2.3.3. Education parentale et représentation de l’enfant en Tunisie

Au même titre que pour les familles occidentales, la famille tunisienne joue un rôle déterminant dans la socialisation de l’enfant. Par conséquent, les caractéristiques de la famille influencent fortement l’éducation des enfants. Dans l’histoire de la famille tunisienne, nous pouvions remarquer qu’une des caractéristiques majeures était une socialisation fortement différenciée selon le genre et des valeurs familiales à forte connotation religieuse (Ben Salem, 2009). En somme, « la socialisation était conçue comme l’influence contraignante des adultes

sur les plus jeunes » selon les termes d’Emile Durkheim (cité par Ben Salem, 2009, 219).

Aujourd’hui, la famille est toujours le principal lieu de socialisation de l’enfant mais un changement majeur s’est produit du fait de la place donnée à l’école dans la conception de l’éducation familiale. En effet, celle-ci est de plus en plus importante dans la société tunisienne. « Le niveau d’instruction, la trajectoire scolaire et professionnelle, sportive,

politique ou culturelle sont autant de référents identitaires chez les Tunisiens. » (Ben Salem,

2009, 220). Enfin, une des conséquences de ce changement de conception éducative est la différenciation de moins en moins prononcée entre les filles et les garçons.

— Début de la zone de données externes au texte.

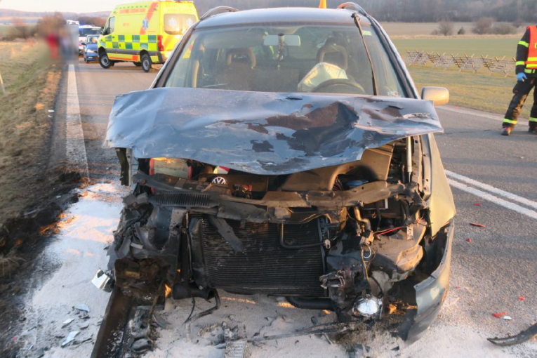 Dopravní nehoda na Bruntálsku: Tři zranění, vzlétl i vrtulník. Muž odmítl převoz do nemocnice
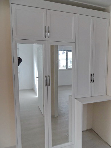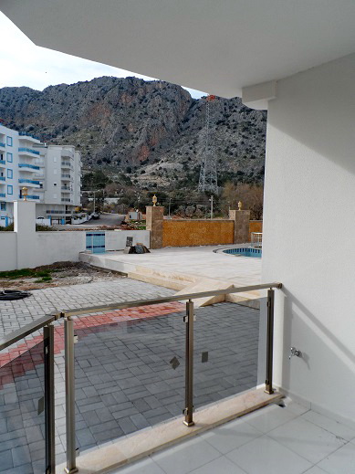 Квартира на первом этаже, кухня совмещена с салоном, установлена газовая плита, духовая печь, вытяжка, шкаф в прихожей, видео домофон, отдельные спальные комнаты, в ванной душ кабина, балкон с красивым видом на горы и бассейн, парк для машин.

D’après Ariès (1960), quand le nombre d’enfants diminue, l’investissement affectif augmente et l’enfant occupe une place plus centrale dans la famille. Cependant, dans la famille tunisienne nucléaire, la taille de la famille est réduite mais l’enfant est souvent livré à lui- même. Ce n’est que dans la mesure où il a des frères et sœurs qu’il aura la possibilité de communiquer et de jouer. Selon Ben Salem (2009), la mère s’occupe de son enfant avec amour et tendresse mais communique peu avec lui. Toujours selon le même auteur, l’enfant, dès son plus jeune âge, passe une grande partie de son temps devant la télévision, sans que ses parents n’exercent un contrôle sur les programmes visionnés. C’est dans ce sens que l’on peut parler de l’entrée à l’école comme lieu important de socialisation. Cette étape est d’autant plus importante qu’elle va bientôt bouleverser les habitudes de la famille : un nouveau rapport au temps se met en place : les temps de repas et de sommeil sont plus structurés.

Najar et Kerrou (2007), estiment quant à eux que le mode relationnel de l’enfant a évolué : ses relations avec ses camarades d’école lui permettent de faire des comparaisons, il fait également l’expérience de la compétition, de la réussite et de l’échec. C’est généralement à ce moment qu’il est sollicité par ses parents pour participer davantage à la vie familiale et interrogé sur ses activités à l’école. On accorde davantage attention à ce qu’il dit et un dialogue plus structuré se met en place entre l’enfant et ses parents.